Equity LifeStyle Properties, Inc. (NYSE:ELS) Q3 2023 Earnings Call Transcript

John Kim: Thank you. Your ’24 MH rate growth, now that the Social Security cost of living adjustment came in at 3.2% and multifamily rents have really just stalled out here in the third quarter, how confident are you that you’re able to achieve and push that 5.4% on the remaining leases? And can you remind us, is that 5.4% on the base rate change only, or does that include any pass-through of expenses?

Paul Seavey: Excuse me, John, the 5.4% is on the base rate. It does include the residents that moved in and assumed in-place leases, understanding that they would go to market upon renewal in January. So, it does include the impact of the 13% mark-to-market that we’ve talked about for those residents. But I think Patrick has some more color.

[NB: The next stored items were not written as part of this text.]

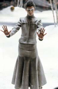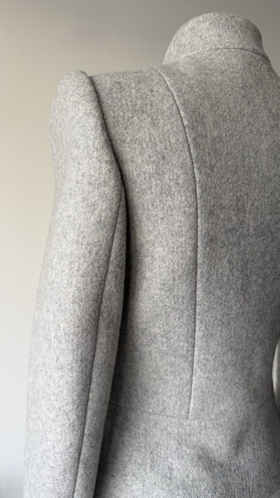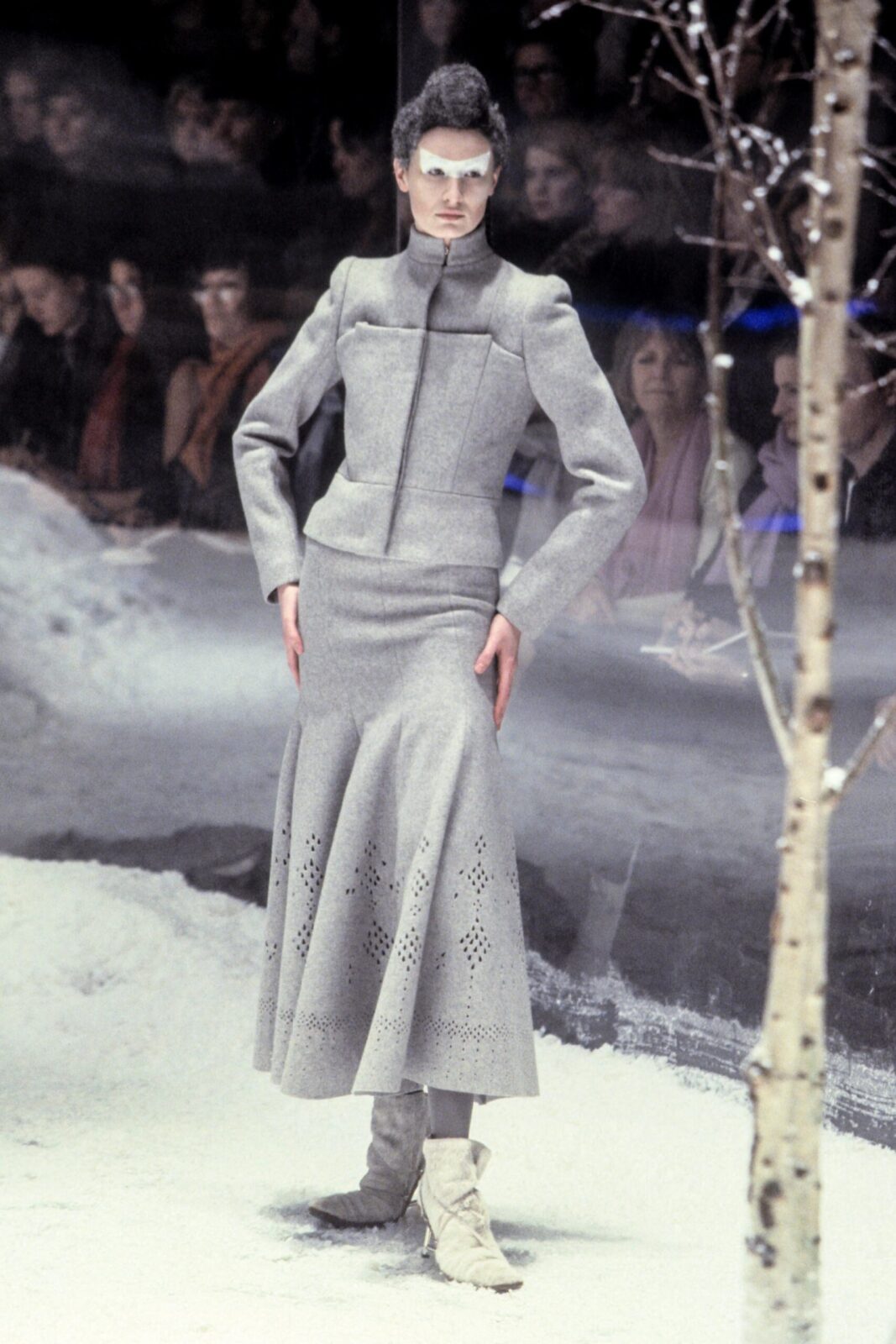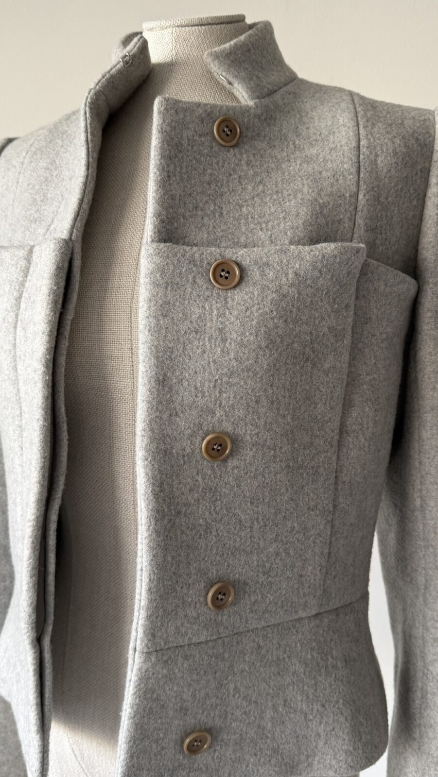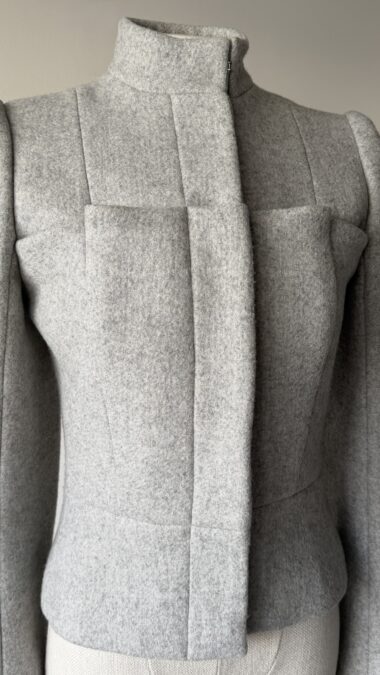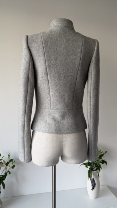 Rare Alexander McQueen soft gray wool jacket from the Fall Winter 1999 “The Overlook” collection. As seen on the runway. A true collector’s piece showcasing McQueen’s signature precision tailoring and avant-garde aesthetic.
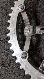 Guarnitura Simplex anni 40/50, predisposta per perno vintage a chiavelle. Corone in alluminio da 45 e 49 denti, originali Simplex, in condizioni pari al nuovo. Filettature pedali perfette e pronte all'uso. Oggetto nel complesso in condizioni impeccabili, come da foto allegate. Cedo per mancato utilizzo.. A richiesta posso inviare ulteriori foto. Non scambio, non tratto sul prezzo, astenersi perditempo e/o malintenzionati. Per eventuale spedizione in Italia aggiungere euro 10,00 al prezzo di compravendita.
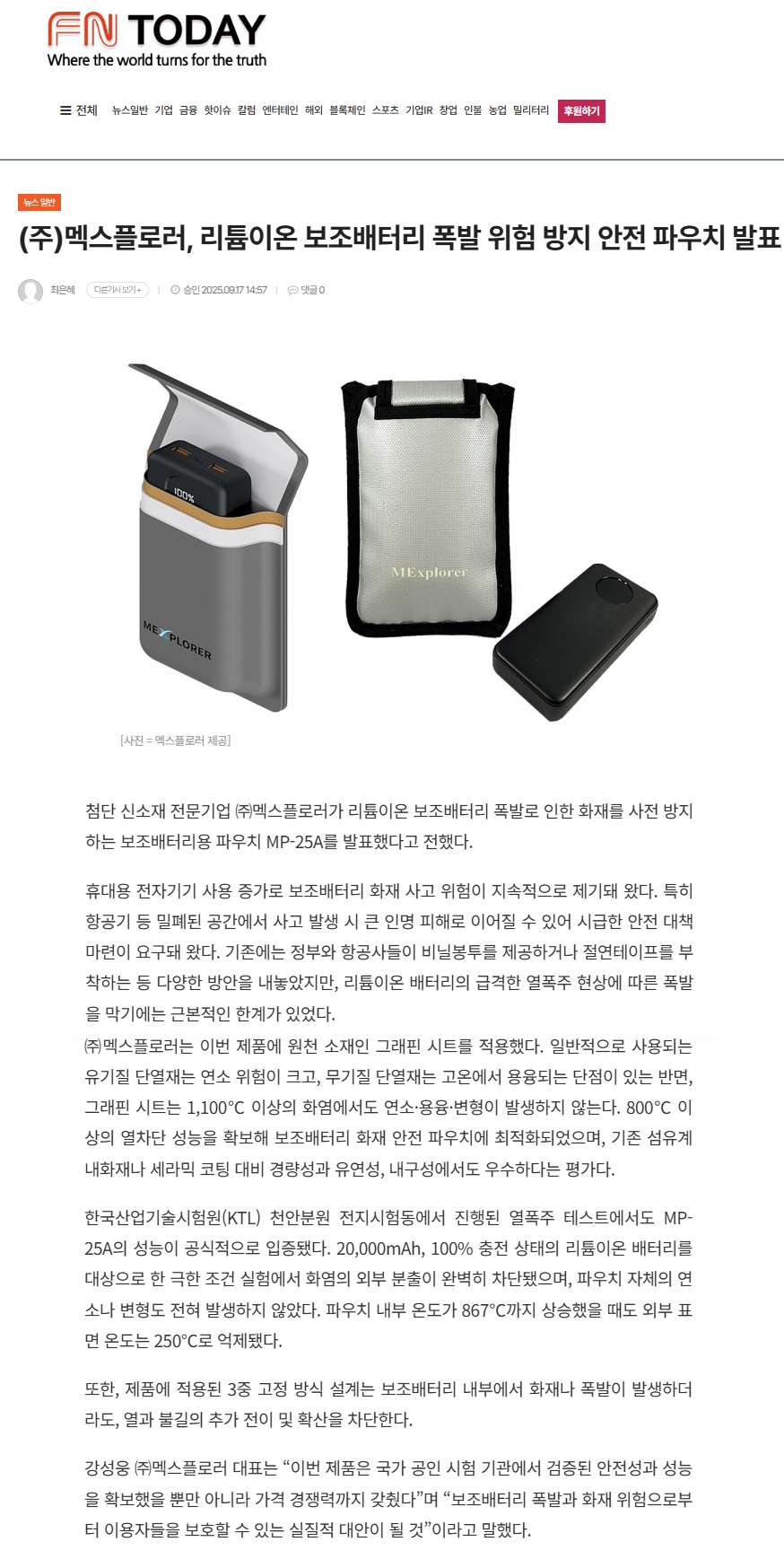 Notice 멕스플로러의 새로운 기술과 제품 소식을 전해드립니다. 2025.09.17 [파이낸스투데이] (주)멕스플로러, 리튬이온 보조배터리 폭발 위험 방지 안전 파우치 발표 *등록일 : 2025-09-18 *조회수 : 103회 https://www.fntoday.co.kr/news/articleView.html?idxno=363840 목록
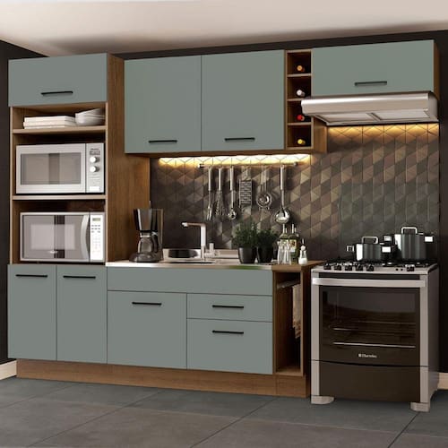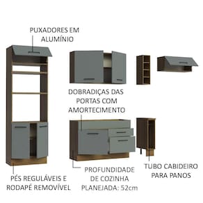 Itens inclusos: - Uma (1) Torre quente com nichos para forno e micro-ondas e três (3) portas sendo uma (1) basculante - Um (1) Balcão de pia com duas (2) gavetas e uma (1) porta (Não acompanha tampo) - Um (1) Balcão Porta-panos com tampo Rustic - Um (1) Aéreo com duas (2) portas - Uma (1) Adega - Um (1) Aéreo com uma (1) porta basculante
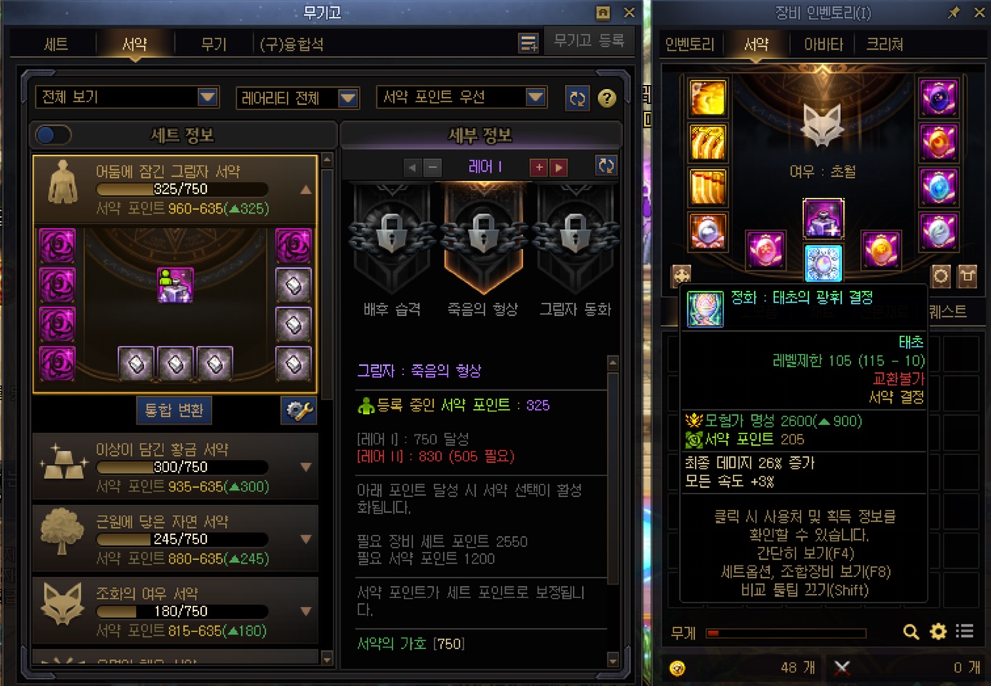 서약: 뭔가 에테리얼 세트랑 여우랑 관련있는거 같아서 여우로 맞춤..
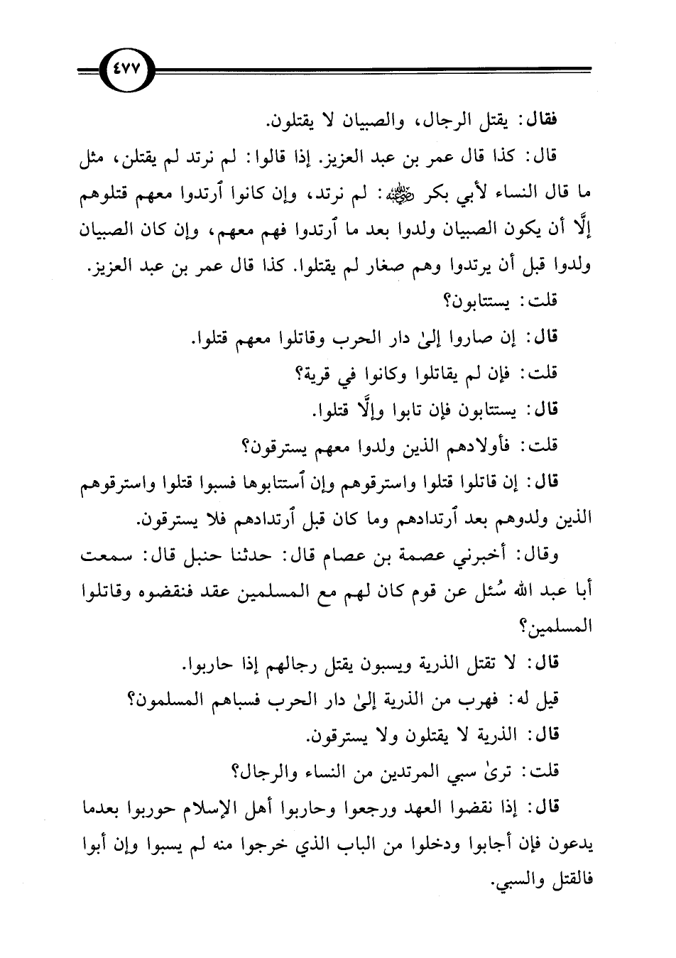 قال: إن قاتلوا قتلوا واسترقوهم وإن استتابوها فسبوا قتلوا واسترقوهم الذين ولدوهم بعد ارتدادهم وما كان قبل ارتدادهم فلا يسترقون.

Patrick Waite: Yeah. So, John, as we worked our way through our budget process, and that includes a review literally property by property in the respective sub-markets and a review of the competitive set, not only other manufactured home communities, but other competitive housing in those direct sub-markets. As Marguerite touched on, we compare very favorably just with respect to the all-in cost and the value that a resident moving to one of our communities gets in our locations. So, as we worked our way through, while it’s a fair point on the CPI, our spread historically has been in the 150 basis points to 200 basis points. We’re kind of in that range with the mark-to-market that Paul just referenced. And we did have that 150 basis points to 200 basis point historical spread to CPI with respect to our rate increases, kind of front in mind as we were working through where we were going to set increases, particularly for our in-place long-term residents.

So, we feel pretty confident that it’s a good value proposition and that those rents will come through.

John Kim: Any sense of timing or the quantum of the renewal rate increases in marinas?

Patrick Waite: The marinas are basically rattleable over the course of the year, so they’ll come through over the quarter by quarter.

Paul Seavey: And those annual renewals, John, are included in the 7% that we quoted for the RV, marina annual rent.

John Kim: Okay, got it. Thank you.

Marguerite Nader: Thanks, John.

Operator: Thank you. Please stand by for our next question. Our next question comes from the line of Eric Wolfe with Citi. Your line is open.

Eric Wolfe: Hey, thanks. It looks like you’re guiding to a sequential increase in FFO in 4Q as well as an increase in your annual RV growth. I think it’s 8.8% from 8%. What’s driving both of those?

Paul Seavey: Yeah, I think, Eric, when you think about the fourth quarter of ’23, you kind of have to remember all that happened in the fourth quarter of ’22. So, with respect to the RV, I’ll take that first. The impact of Hurricane Ian in Q4 of ’22, really what we’re seeing in ’23 is the benefit of the occupancy that we gained following the loss in the fourth quarter of last year. That’s primarily what it is. There is also some contribution that’s coming from rate increases that are effective in the fourth quarter. And then, in terms of the FFO change, when I look at the non-core contribution, there’s about $5 million year-over-year that’s coming from the non-core properties this year that we didn’t have. We had six properties that were online — sorry, offline following the hurricane last year that did not generate any NOI, and we did not have any business interruption contribution from most of those locations.

And then, we had some contributions from acquisitions in ’22 and ’23, as well as some one-time adjustments. So, there were a number of things that were happening in the fourth quarter of last year that make favorable comp this year.